A autora do livro, Maria Lecticia Monteiro Cavalcanti: pesquisa

Sagrados frutos da terra

1) Pão
“O pão esteve presente, sempre, em todas as culturas. Mas só depois de algumas conquistas: o domínio do fogo, o início da agricultura, o desenvolvimento da cerâmica. Em potes de barro, eram postos, no fogo, água e grãos. Em seguida, também azeite. Para que durassem por mais tempo, aquelas papas, começaram a ressecá-las, diretamente no fogo ou sobre pedras naturalmente aquecidas pelo sol. Nasciam, assim, os primeiros pães, ainda rudimentares.”





2) Vinho
“Não se sabe exatamente quando nem onde foram produzidos os primeiros vinhos. (...)  As mais antigas sementes (de uva), datadas por marcação de carbono entre 7000 e  5000anos a.C, foram encontradas em Byblos (Líbano), Catal Hüyük (Turquia), Damasco (Síria), Geórgia e Jordânia. Remontam ao período em que os homens passaram de nômades para uma vida sedentária e começar a plantar. (...) Na Bíblia, há 230 menções ao vinho.”
 
3) Vinagre
“O ‘vinus acrem’ nasceu junto com o vinho. É que, por vezes, o próprio vinho se convertia em vinagre (ácido acético); não se conseguindo explicar, naquele tempo, a razão. (...) No início, o vinagre foi usado apenas como remédio. O médico e filósofo grego Hipócrates (460-370 a.C), considerado o pai da medicina, receitava duas colheres de sopa, depois das refeições, para ajudar na digestão.

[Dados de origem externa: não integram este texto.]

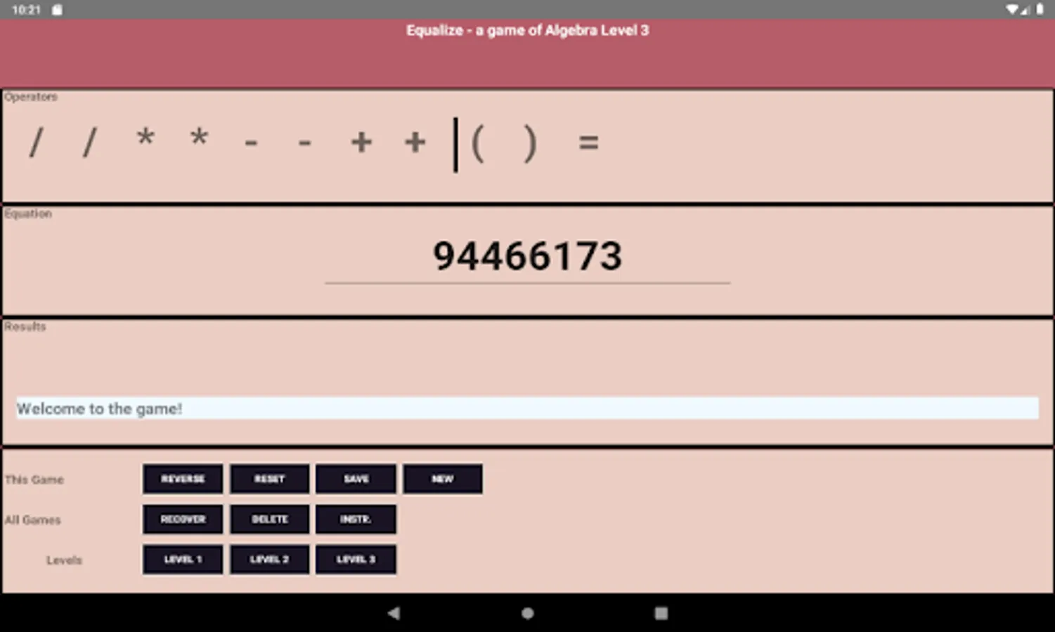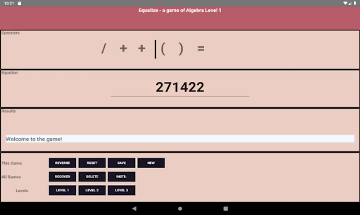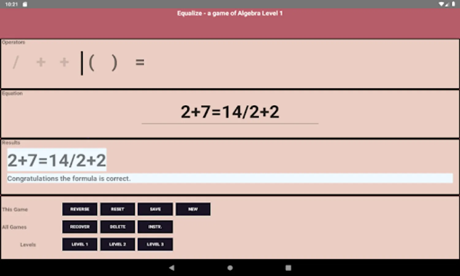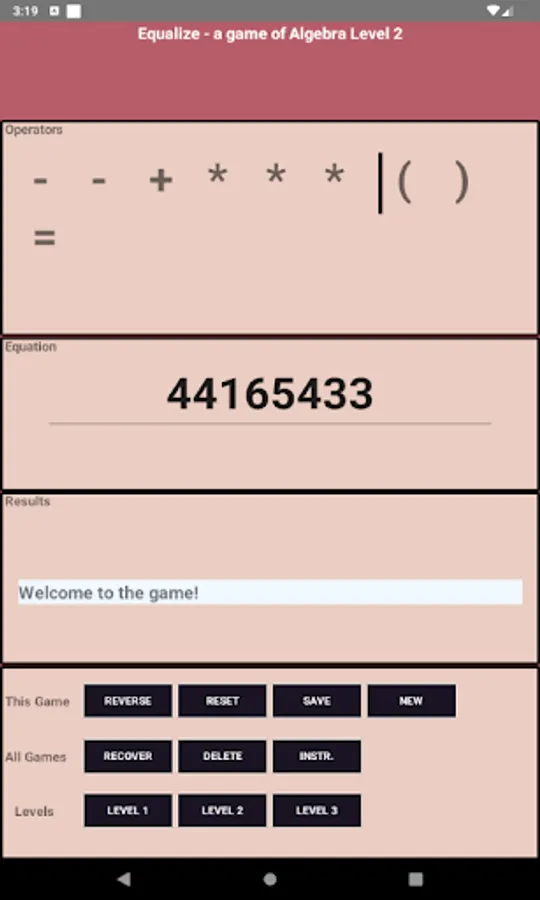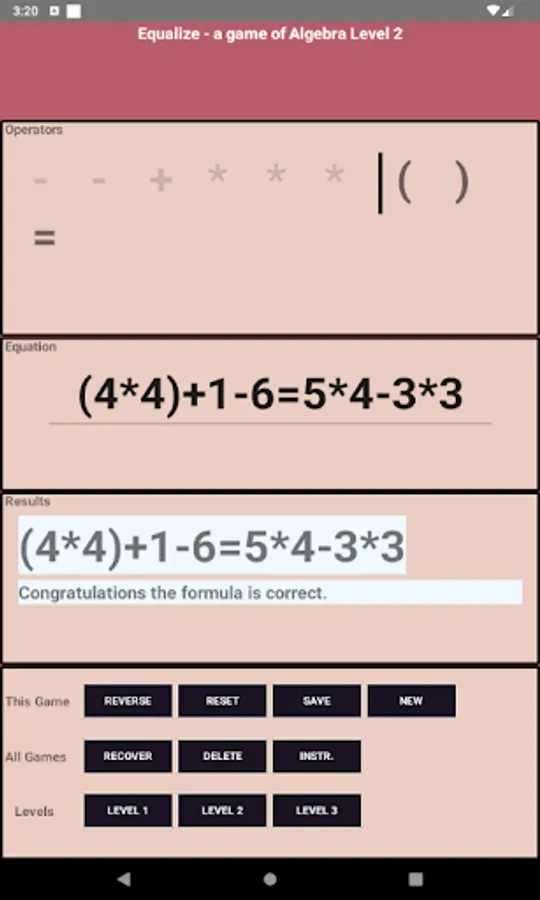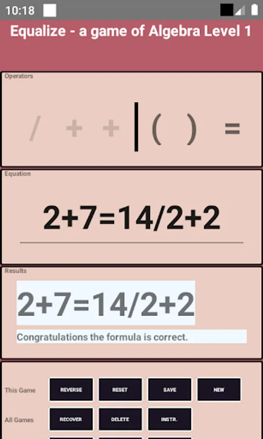 increase in speed and complexity. Equalize is like Sudoku for algebra.

Talvez pela mesma razão, consta na Bíblia, que ‘Booz disse a Rute (serva que trabalhava num campo de trigo): ‘Vem cá, come deste pão e molha teu bocado no vinagre’ (Rt 2,14).
 
4) Azeite
“Oliveira é uma das árvores mais importantes da Bíblia. (...) A árvore é originária da Ásia Menor, ‘onde se encontram os mais antigos vestígios da sua cultura’. A partir de lá, por toda a orla do Mediterrâneo, que tinha ‘outonos chuvosos, invernos suaves e os verões secos e quentes com grande luminosidade’ (...). Na Antiguidade, o azeite foi utilizado para muitos fins e reverenciado por todas as culturas. No início, era usado como combustível de iluminação, cosmético, perfume remédio ou em cerimônias religiosas.”




 
5) Mel 
“Desde a mais remota Antiguidade, o mel esteve sempre ligado à história dos homens, e à dos deuses, também.(...) No Egito, era usado para embalsamar mortos ilustres. E, na Palestina, simbolizava fartura. ‘Terra de trigo e cevada, de vinhas, figueiras e romãzeiras, terras de oliveira, de azeite e de mel’ (Dt 8,8) (...) Canaã, a Terra Prometida, seria essa ‘terra que mana leite e mel’ (Nm 14,8).” 
 
6 ) Sal
“Nenhum alimento carrega mais simbolismo do que o sal. É assim desde as mais antigas civilizações, E, também na Bíblia. O recém-nascido é purificado com ele. ‘Por ocasião do teu nascimento, ao vires ao mundo, não cortaram teu cordão umbilical, não foste lavada para tua purificação, não foste esfregada com sal’ (Ez 14,4). É sinal de sabedoria, “a vossa palavra seja sempre agradável, temperada com sal (Cl 4,6). E de amor ao próximo, ‘o sal é bom (...) Tende sal em vós mesmos e vivei em paz uns com os outros’ (Mc 9,50).”
 
7) Leite e derivados
“Na Bíblia, há numerosas referências ao leite. Talvez por conta da escassez de água, e de sua má qualidade, nas terras áridas ou semiáridas da Palestina (e seu entorno), era usado, por muitas vezes, apenas para matar a sede. ‘Comerão teus frutos e beberão teu leite’ (Ez 25, 4). A escolha, nos primeiros tempos, dependia menos do gosto e mais do animal disponível no curral. (...) Derivados do leite – coalhada, manteiga, queijo – são, também, referidos na Bíblia. É que o leite, àquele tempo, frequentemente talhava, sem que se compreendesse a razão”.
 
8) Água
“No início do Gênesis, ‘um sopro de Deus agitava a superfície das águas’ (Gn 1, 2). Ele disse: ‘Haja um firmamento no meio das águas e que ele separe as águas das águas’ (Gn 1,6), e que as ‘águas que estão sob o céu se reúnam num só lugar e que apareça o continente’ (Gn 1,9). Deus, depois, ‘chamou ao continente terra e à massa das águas, mares’ (Gn 1,10). (...) Em muitas passagens da Bíblia, se vê a importância da água. Moisés foi retirado dos ‘juncos, à beira do Rio’ (Ex 2,3).”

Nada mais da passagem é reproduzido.